Showing posts with label The Game of Glory. Show all posts
Showing posts with label The Game of Glory. Show all posts

Sunday, 22 June 2014

The Game Of Glory

"The Game of Glory" occupies 36 pages in Poul Anderson, Captain Flandry: Defender Of The Terran Empire (New York, 2010) and is divided into sections numbered I to VIII. Section I, three and a half pages, is almost a separate story, summarizing two years of Dominic Flandry's life.

Flandry:

tries to track down an escaped Merseian spy in the Spican province of the Terran Empire;
encounters Aycharaych (not named here) at Betelgeuse;
infiltrates the Merseian Empire;
has leave on Terra;
fights a duel;
is reassigned to Spica;
heads the Intelligence operation during the conquest of Brae;
finds a clue that will lead him to the human colony planet, Nyanza.

My previous posts on this story have focused on Section I. Sections II-VIII are set on Nyanza. See here and here.

Tuesday, 22 January 2013

A Perpetual Banquet


Poul Anderson's hero, Dominic Flandry:

"...went to Terra on leave, was invited to the perpetual banquet of the Lyonid family, spent three epochal months..." (Flandry Of Terra, London, 1976, p. 9).

A perpetual banquet, like the Mad Tea Party in Alice? How would that work? Domestic slaves serve the family and guests who are seated at one half of a large circular table while a second team of slaves clears and resets the other half so that the banqueters can keep moving around the table? (I say "slaves" because we are talking about the Terran Empire here. Otherwise, domestic servants would play this role.)

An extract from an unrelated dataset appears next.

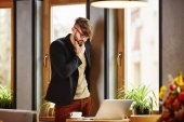 Afrykański mężczyzna obiad w worjing z laptopa w kawiarni.
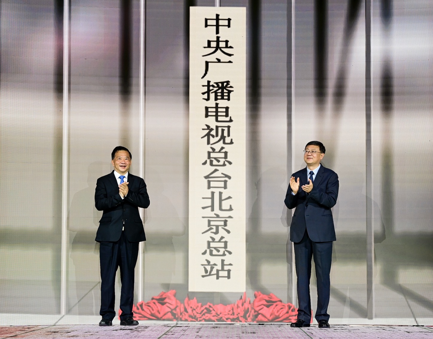 中宣部副部长、中央广播电视总台台长兼总编辑慎海雄,北京市委副书记、市长陈吉宁通过“AI+VR裸眼3D演播室技术”,共同为北京总站揭牌。北京市委常委、宣传部部长莫高义,中央广播电视总台副台长蒋希伟等也利用这一最新技术为北京总站新办公楼揭幕。

Assuming eight hours for sleep, no one can possibly eat continuously for sixteen hours every day indefinitely. The family must take it in turns to host the meal while the guests change every three months or so. There must also be intervals, as at the theatre, when guests can attend to other business using computer consoles either set in the table or just behind where they sit or can stretch their legs by strolling around the Lyonid mansion and garden.

Tolkien's Hobbits eat seven meals a day, I think. If these were spaced out through the day, they might just provide enough instalments for a perpetual banquet.

8.00: rise, butler brings cup of tea.
9.00-10.00: breakfast.
10.00-11.00: second breakfast.
11.00-12.00: elevenses.
12.00-14.00: lunch.
14.00-16.00: buffet snacks available from tables set around the dining hall walls.
16.00-17.00: afternoon tea.
17.00-18.00: buffet snacks as above.
18.00-20.00: dinner.
20.00-22.00: buffet snacks available in the bar.
22.00-23.30: supper.
24.00: retire.

By eating and drinking sparingly while concentrating on enjoying the conversation and no doubt also entertainment provided, a guest might survive for a few months, as Flandry does.

Sunday, 3 June 2012

Flandry's Life

"The Game of Glory" gives a unique account of Dominic Flandry's life over a period of two or more years, not just during a single incident or assignment.

During this period, Flandry:

has a first encounter with the Merseian agent A'u on the frontier planet Conjumar in the Spican province;

dispatches agents who search, unsuccessfully, for the escaped A'u on nearby planets;

has a first encounter with the Merseian agent Aycharaych in the Betelgeusean system;

infiltrates the Merseian Rhoidunate;

there finds an uninhabited terrestroid planet set aside as an aristocratic hunting preserve where the Terran Navy then builds an advanced base;

has leave on Terra where he spends three months at the Lyonid family's perpetual banquet, then fights a duel;

returns to Spica;

is involved in the conquest of the planet Brae where a clue enables him to track down A'u on the planet Nyanza.

We wish that the Flandry series had provided more such details.